Ruff vs. Fluff
- Author: Spencer Quinn
- Illustrator: Peter Abrahams
- Cover artist: Jennifer Taylor
- Language: English
- Series: Queenie and Arthur
- Publisher: Scholastic Corporation
- Publication date: March 26, 2019
- Publication place: United States
- Pages: 320
- ISBN: 978-1-338-09139-7
- Followed by: Paws vs. Claws

= Ruff vs. Fluff =

2019 novel by Spencer Quinn

Ruff vs. Fluff is a children's novel written and illustrated by Spencer Quinn and published by Scholastic Inc. in 2019. Ruff vs. Fluff is part of the Queenie and Arthur series.

== Background ==
Ruff vs. Fluff focuses on Queenie the cat and Arthur the dog throughout the series. Ruff vs. Fluff was published on May 5, 2020

== Plot summary ==
Queenie, a cat, and Arthur, a dog, reside at the Blackberry Hill Inn, which is owned by a divorced mom who has twins Harmony and Bro.

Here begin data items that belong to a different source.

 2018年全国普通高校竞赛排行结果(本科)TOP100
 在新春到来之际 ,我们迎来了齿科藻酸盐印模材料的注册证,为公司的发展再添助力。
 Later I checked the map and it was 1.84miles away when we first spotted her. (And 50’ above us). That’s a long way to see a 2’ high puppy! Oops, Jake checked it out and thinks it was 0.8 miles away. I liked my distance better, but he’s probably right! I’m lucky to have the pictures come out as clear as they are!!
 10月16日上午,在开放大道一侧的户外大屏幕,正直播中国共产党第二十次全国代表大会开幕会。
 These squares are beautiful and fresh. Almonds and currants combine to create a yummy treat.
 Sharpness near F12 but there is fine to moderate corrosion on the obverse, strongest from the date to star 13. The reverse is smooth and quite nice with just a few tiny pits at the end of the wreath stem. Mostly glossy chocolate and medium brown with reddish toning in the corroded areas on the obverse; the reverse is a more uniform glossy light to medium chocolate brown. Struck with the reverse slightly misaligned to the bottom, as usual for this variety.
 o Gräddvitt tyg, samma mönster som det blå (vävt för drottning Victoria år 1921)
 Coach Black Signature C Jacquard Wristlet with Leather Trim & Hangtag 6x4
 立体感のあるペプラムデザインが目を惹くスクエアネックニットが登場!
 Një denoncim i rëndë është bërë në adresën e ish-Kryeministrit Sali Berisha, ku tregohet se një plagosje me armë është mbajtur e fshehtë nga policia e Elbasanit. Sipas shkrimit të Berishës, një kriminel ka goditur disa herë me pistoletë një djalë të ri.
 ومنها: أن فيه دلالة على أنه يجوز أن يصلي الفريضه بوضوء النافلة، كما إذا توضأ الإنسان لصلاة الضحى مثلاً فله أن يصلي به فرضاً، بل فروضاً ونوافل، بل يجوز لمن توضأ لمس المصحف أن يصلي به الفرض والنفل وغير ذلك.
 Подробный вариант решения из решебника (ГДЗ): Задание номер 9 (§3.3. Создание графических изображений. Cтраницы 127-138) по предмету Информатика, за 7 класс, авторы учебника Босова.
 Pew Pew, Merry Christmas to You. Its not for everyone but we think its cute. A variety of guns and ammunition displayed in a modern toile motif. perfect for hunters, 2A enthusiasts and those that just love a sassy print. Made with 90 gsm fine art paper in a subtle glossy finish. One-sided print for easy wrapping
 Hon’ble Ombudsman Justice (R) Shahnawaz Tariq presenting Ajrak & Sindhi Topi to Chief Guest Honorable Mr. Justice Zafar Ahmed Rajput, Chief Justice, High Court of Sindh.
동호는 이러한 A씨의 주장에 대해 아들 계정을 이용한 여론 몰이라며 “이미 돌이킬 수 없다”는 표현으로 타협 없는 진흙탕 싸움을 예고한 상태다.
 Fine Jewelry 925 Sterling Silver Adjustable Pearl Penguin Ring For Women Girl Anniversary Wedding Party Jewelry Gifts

The two animals are sworn enemies but join forces to clear the name of the twins' cousin who gets wrongly accused of committing murder.

== Reception ==
In a positive review of the book, Jean Westmoore of The Buffalo News wrote, "The narration by scheming cat and clueless hound is hilariously spot on. ... Appealing characters, a vivid setting and a well-crafted plot inspired by booze-smuggling of the Prohibition years make this series launch a winner." In a negative review, Kirkus Reviews said, "it makes for a slow unfolding of the mystery and much obvious authorial manipulation to get the animals where they need to be to overhear vital facts; compounding this problem, although they both speak perfect English to readers, they can’t even communicate with each other. The cast is default white. Fans of Quinn’s previous work may enjoy the new character set, but there are too many fine furry detectives out there to spend time with these two."

Children's Bookwatch reviewer Diana Perry said, "This is an engaging, action-adventure with riddles that young readers will have so much fun trying to solve. The ultimate bedtime story." She further said, "This is the perfect early reader. Kids will love following the clues to solve the mystery."